## Supplied information
****

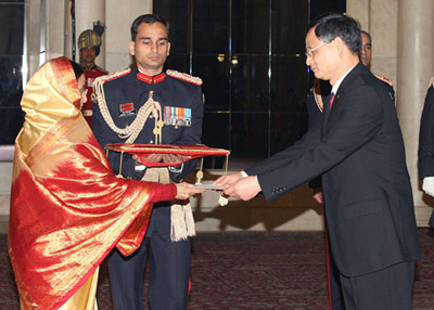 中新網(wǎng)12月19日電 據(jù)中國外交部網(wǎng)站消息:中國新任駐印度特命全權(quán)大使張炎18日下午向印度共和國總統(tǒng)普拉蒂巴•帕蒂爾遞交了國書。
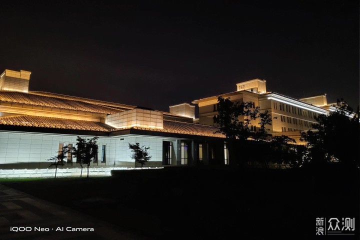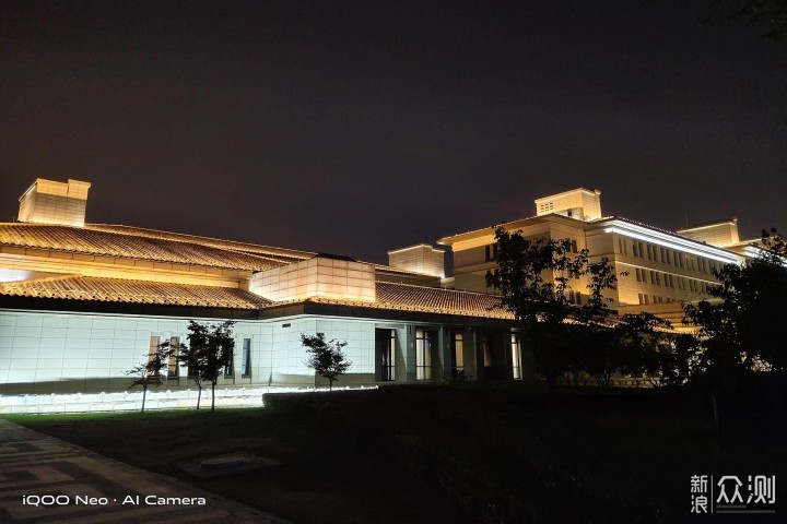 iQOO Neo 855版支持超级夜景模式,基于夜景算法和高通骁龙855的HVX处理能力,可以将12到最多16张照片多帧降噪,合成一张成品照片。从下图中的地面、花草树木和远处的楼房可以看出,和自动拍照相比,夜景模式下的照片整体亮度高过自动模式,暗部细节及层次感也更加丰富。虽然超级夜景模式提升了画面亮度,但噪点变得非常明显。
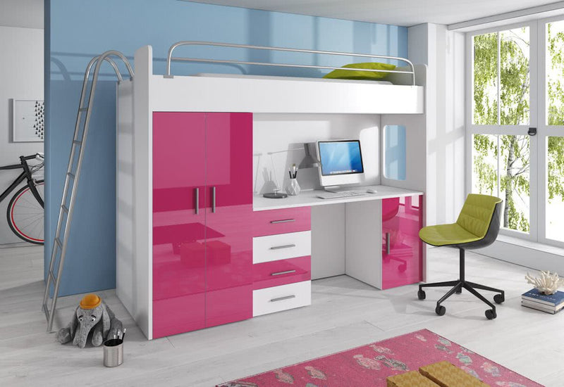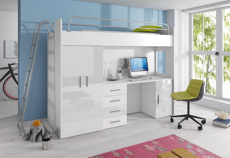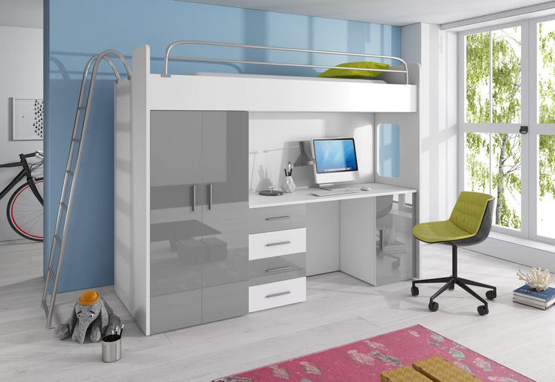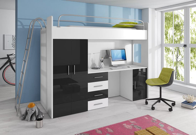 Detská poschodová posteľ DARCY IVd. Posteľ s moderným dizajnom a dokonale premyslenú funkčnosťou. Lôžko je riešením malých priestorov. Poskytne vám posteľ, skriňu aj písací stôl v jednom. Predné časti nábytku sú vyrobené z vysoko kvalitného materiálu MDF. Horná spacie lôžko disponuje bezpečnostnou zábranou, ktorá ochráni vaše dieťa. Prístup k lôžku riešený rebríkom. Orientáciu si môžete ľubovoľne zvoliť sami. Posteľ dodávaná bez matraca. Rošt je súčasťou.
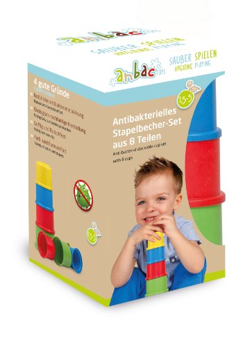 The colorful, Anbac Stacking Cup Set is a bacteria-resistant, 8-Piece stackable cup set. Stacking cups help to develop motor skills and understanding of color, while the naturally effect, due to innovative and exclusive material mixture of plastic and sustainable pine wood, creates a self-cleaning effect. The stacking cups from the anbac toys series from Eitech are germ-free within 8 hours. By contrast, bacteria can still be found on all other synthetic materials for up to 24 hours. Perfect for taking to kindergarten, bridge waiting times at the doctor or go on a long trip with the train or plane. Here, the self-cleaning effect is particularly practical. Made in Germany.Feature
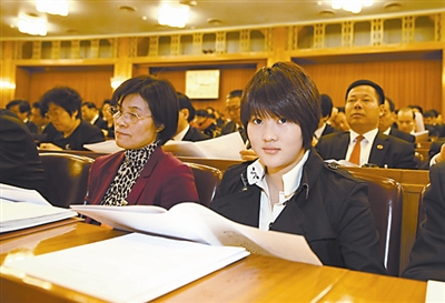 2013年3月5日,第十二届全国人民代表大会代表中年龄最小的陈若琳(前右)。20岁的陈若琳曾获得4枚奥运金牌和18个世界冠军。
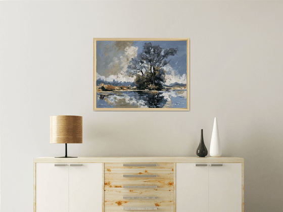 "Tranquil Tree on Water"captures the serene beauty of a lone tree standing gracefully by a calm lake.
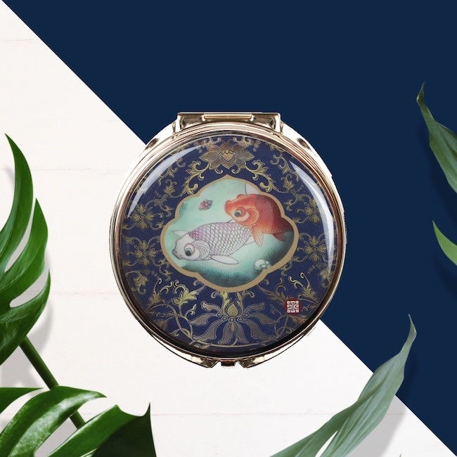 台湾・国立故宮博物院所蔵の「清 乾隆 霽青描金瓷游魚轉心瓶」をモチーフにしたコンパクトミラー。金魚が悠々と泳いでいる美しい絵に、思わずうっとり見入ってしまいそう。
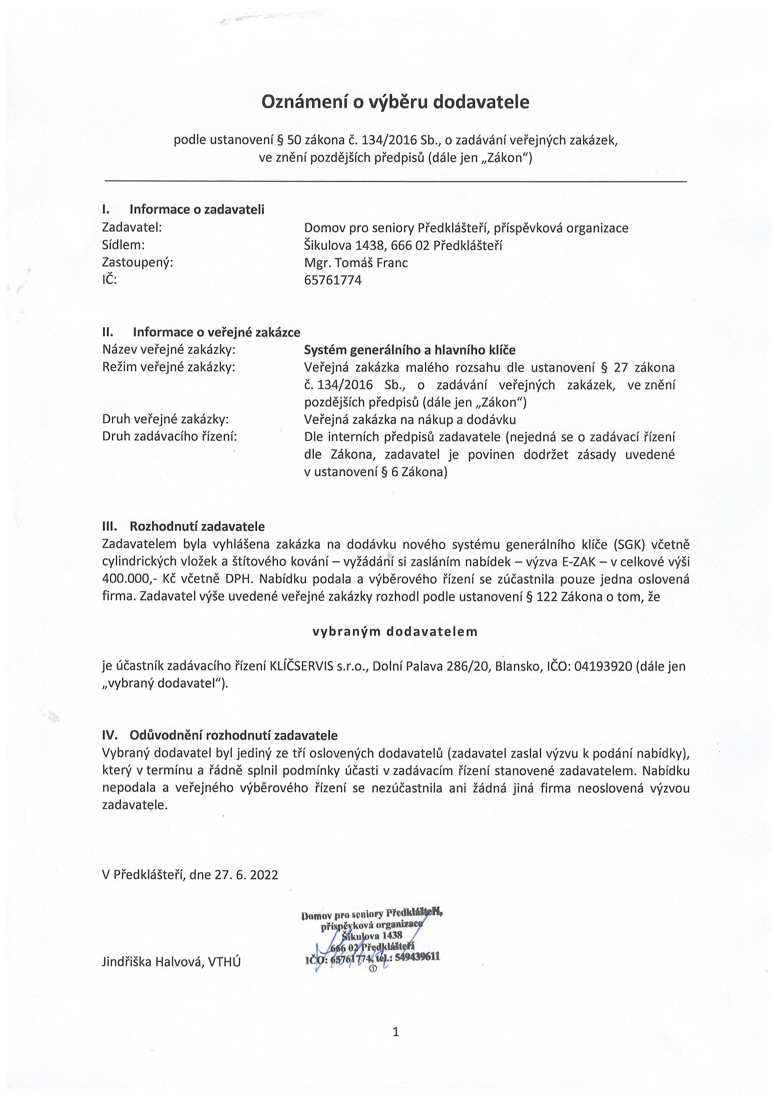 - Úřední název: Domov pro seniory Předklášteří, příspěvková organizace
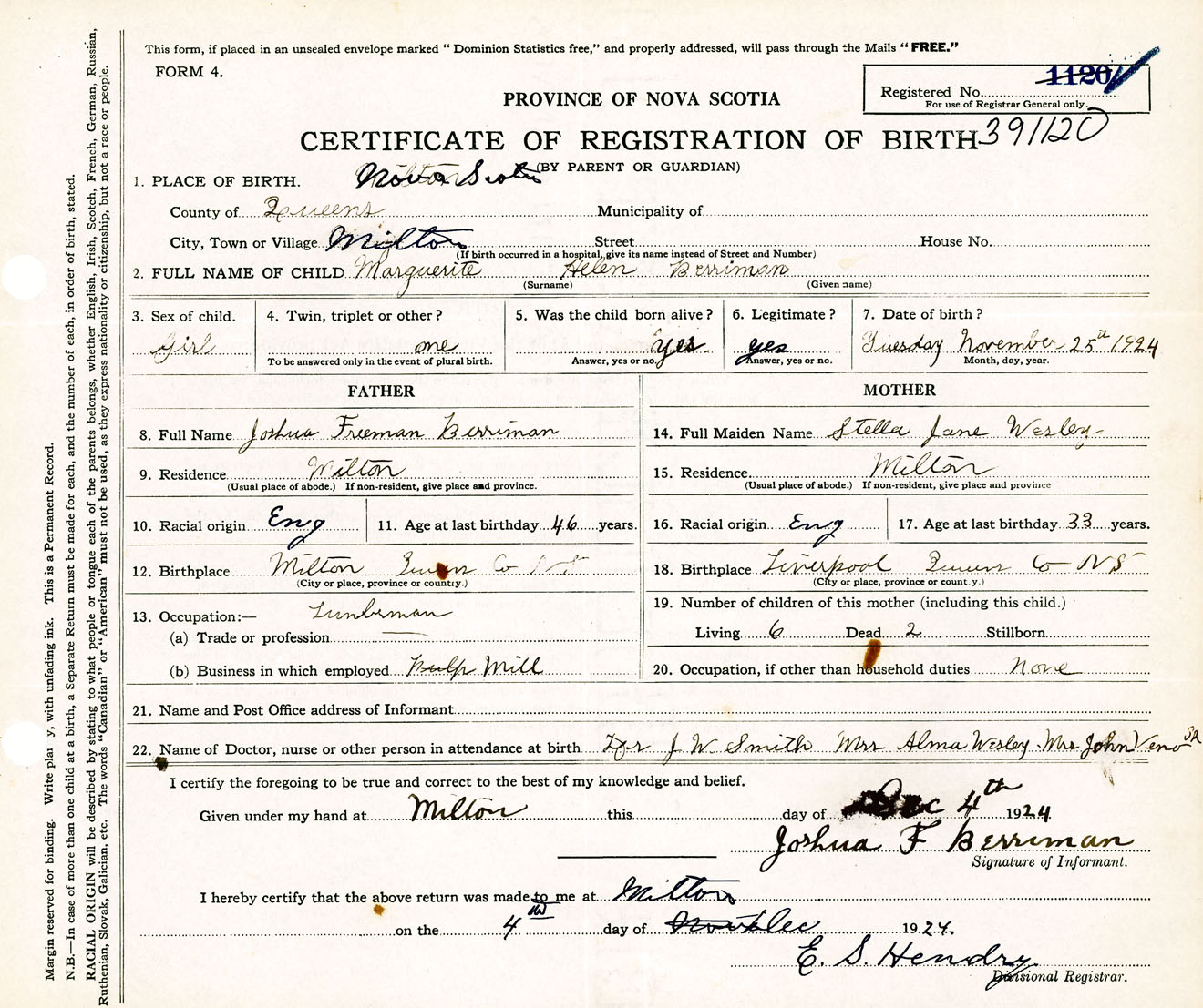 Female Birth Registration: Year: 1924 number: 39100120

****

## Problem requirements
Only the lines from the one with "a calm lake." through the end of the listing should be transcribed, exactly and without pictures.

## Completed task
 "Tranquil Tree on Water"captures the serene beauty of a lone tree standing gracefully by a calm lake.
 台湾・国立故宮博物院所蔵の「清 乾隆 霽青描金瓷游魚轉心瓶」をモチーフにしたコンパクトミラー。金魚が悠々と泳いでいる美しい絵に、思わずうっとり見入ってしまいそう。
 - Úřední název: Domov pro seniory Předklášteří, příspěvková organizace
 Female Birth Registration: Year: 1924 number: 39100120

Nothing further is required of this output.